Его светлость принц Людвиг Баттенберг послушно отказался от своего германского титула, взял себе переделанную на английский лад фамилию Маунтбэттен[79] и получил титул маркиза Милфорда Хейвена. Его старший сын принц Георг Баттенберг получил придворный титул графа Медины, а младший сын принц Людвиг Баттенберг — лорда Людвига Маунтбэттена; этот титул он носил до 1946 г., когда стал виконтом Маунтбэттеном Бирманским, а годом позже — графом Маунтбэттеном Бирманским. Другой член семьи Баттенбергов, принц Александр, капитан гренадеров, получил титул маркиза Карисбрука. Два здравствующих брата королевы, оба старшие офицеры британской армии, приняли фамилию Кембридж, по бабушке по материнской линии, и каждый из них стал пэром. Герцог Текский получил титул маркиза Кембриджского; он просил титул герцога, но король решил сохранить звание пэра за собственными сыновьями. Его младший брат принц Александр Текский стал графом Атлоном. Король также установил точные правила, позволяющие ограничить использование такого рода титулов и званий, дабы число их обладателей не увеличивалось бесконтрольно, как в континентальных королевских семьях. Король сожалел, что вынужден расстаться со столь значительной частью прошлого, но вместе с тем он не имел никаких оснований стыдиться результатов своего труда. Карисбрук и Кембридж, Милфорд Хейвен и Атлон… Сам Шекспир не смог бы придумать более звучных или более патриотичных призывов.

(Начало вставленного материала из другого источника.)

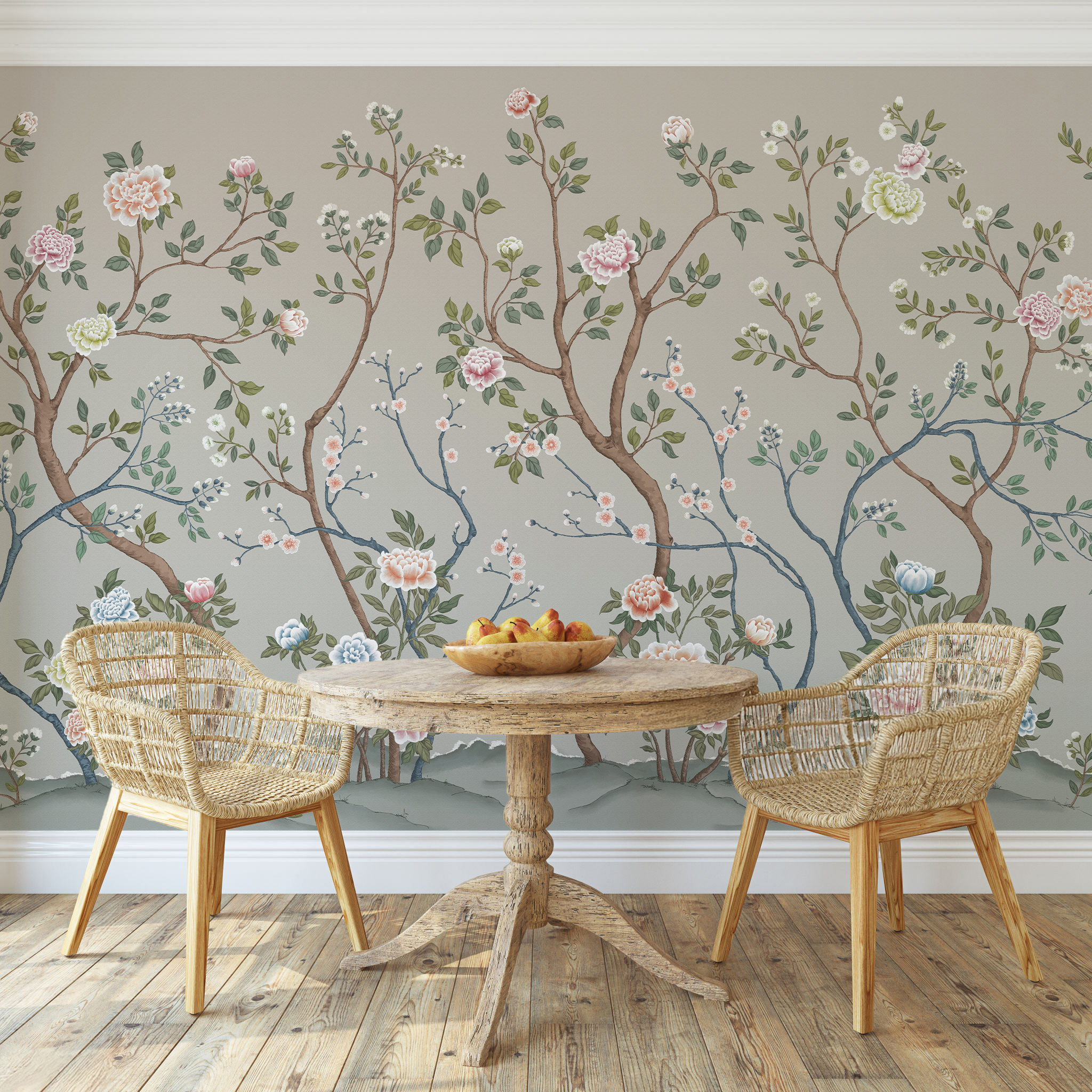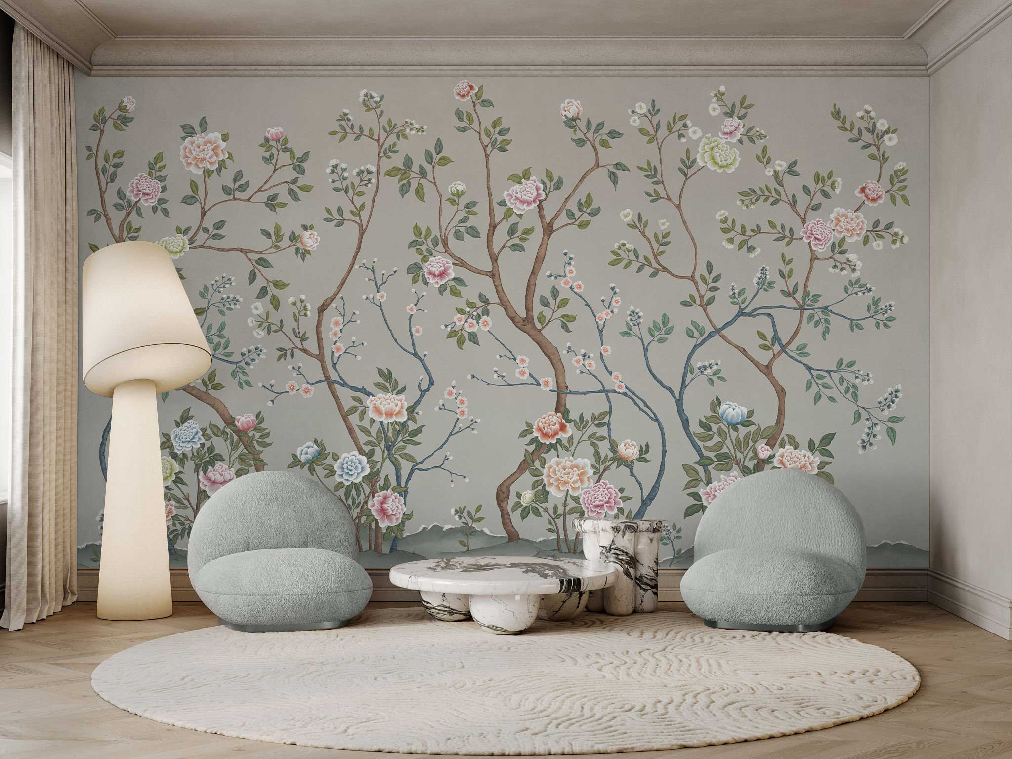 Tapeta Wall and More AZUMI 25135 22A została zainspirowana naturą i spokojem ogrodu. Delikatny rysunek gałązek oraz kwiatów nadaje ścianie lekkość, ale nie sprawia, że wzór znika we wnętrzu. Wręcz przeciwnie. To motyw, który porządkuje przestrzeń i wprowadza do niej spokojniejszy, bardziej miękki klimat.

Война не слишком отразилась на жизни внутри страны. Родственники оплакивали тех, кто погиб на фронте, но в остальном и дела, и развлечения шли как обычно. Когда в декабре 1915 г. генерал сэр Дуглас Хейг был назначен главнокомандующим британскими силами во Франции, он захотел узнать, кто станет его преемником на посту командующего Первой армией. Однако ему сказали, что премьер и военный министр лорд Китченер уехали из Лондона на выходные и что до понедельника ничего решено не будет. Через несколько месяцев ему приказали на период с 18 по 25 апреля отменить все отпуска военнослужащим, поскольку железные дороги будут заняты перевозками, связанными с пасхальными каникулами. «Хотелось бы знать, что будущие историки скажут о Великобритании, чьи правители в период кризиса требовали, чтобы празднующие люди получали преимущество перед солдатами, возвращающимися с театра военных действий», — заметил тогда Хейг.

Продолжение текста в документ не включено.